Капитан держится степенно. Это действительно хороший человек, понапрасну не гоняющий команду, не придирающийся к подчиненным, отлично знающий свое дело. Но и он заразился этой болезнью после одного из сеансов радиосвязи с руководством в Кызыле. Начальник эксплуатационного участка Сергеев, видимо, случайно проговорился. Мы с ним решили, что меня возьмут на буксир в качестве обыкновенного туриста, пожелавшего увидать верховья Енисея и при случае попытать счастья в ловле тайменя. Я думал, что так будет гораздо удобнее и спокойнее. И вот Сергеев проговорился, спросив: «Как там корреспондент?» Отношение капитана ко мне изменилось, он стал другим и с подчиненными. Был хороший человек, отличный капитан и вдруг заделался мелочно-придирчивым, излишне требовательным. Теперь он в свободное от вахты время подсаживался ко мне и старался вызвать на разговор, удивляя дядю Колю, который, высунувшись из тесного камбуза, находил свое место занятым. Бросались в глаза и другие перемены. Матросы почти целую неделю не брились. Так уж тут повелось: всю дорогу не бреются и только на обратном пути, уже недалеко от дома, сбривают щетину, принимают душ, переодеваются.
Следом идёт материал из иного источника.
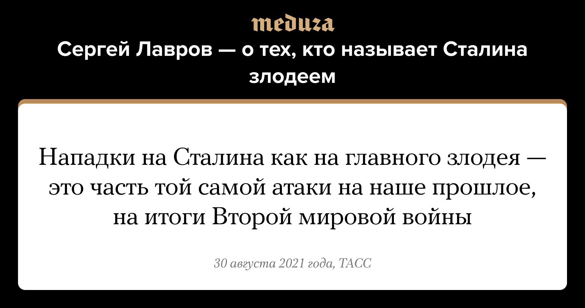 30 августа министр иностранных дел России Сергей Лавров встретился в Волгограде с ветеранами Великой Отечественной войны. В ходе встречи глава МИД заявил, что внешние нападки на историческое прошлое России нацелены на то, чтобы переписать историю и политически ослабить страну. Среди прочего Лавров сказал, что «нападки на Сталина как на главного злодея», а также «сваливание в одну кучу» всего, что Сталин сделал, — это тоже часть атаки на прошлое России. «Историю, конечно, нужно воспринимать во всей ее полноте, во всей ее неоднозначности, ее сложности», — сказал министр. Если вам интересно, что происходило в годы правления Сталина, вам помогут наши материалы о сталинских репрессиях, затронувших 1,7 миллиона человек. А вот здесь можно почитать мнения ученых, почему фигура Сталина по-прежнему так популярна.
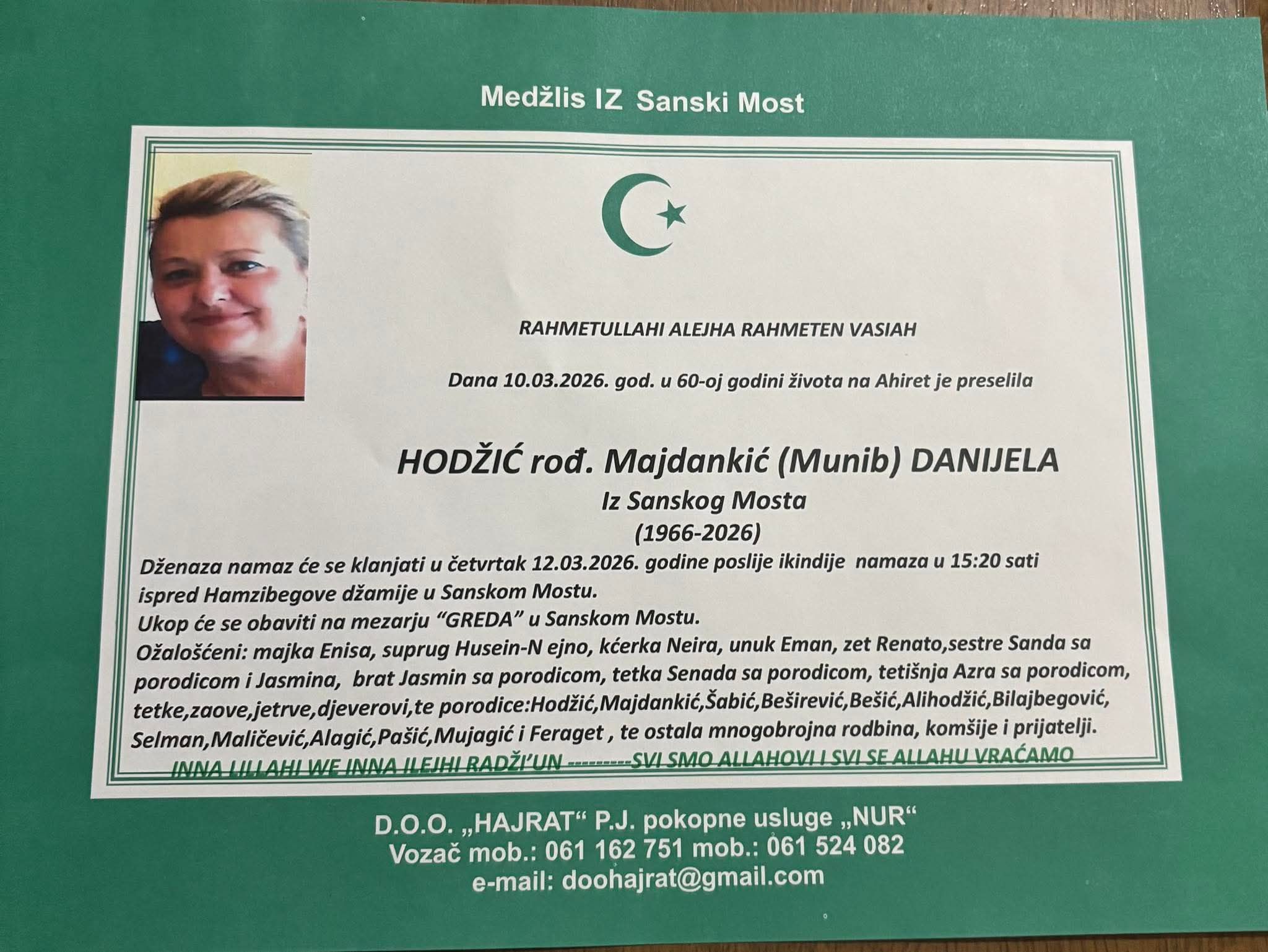 Dženaza namaz će se klanjati u četvrtak 12.03.2026. godine poslije ikindije namaza u 15:20 sati ispred Hamzibegove džamije u Sanskom Mostu.

Теперь же матросы ходят чисто выбритые, причесанные, и от них несет таким ароматом, будто они работают на парфюмерной фабрике. Дядя Коля даже передник надел, которого отродясь не повязывал. Не удивился я и на следующий день, когда за обедом увидел в своей миске традиционную мясистую кость.
— Может, любишь погрызть, — сказал дядя Коля, ставя передо мной миску со злополучной костью.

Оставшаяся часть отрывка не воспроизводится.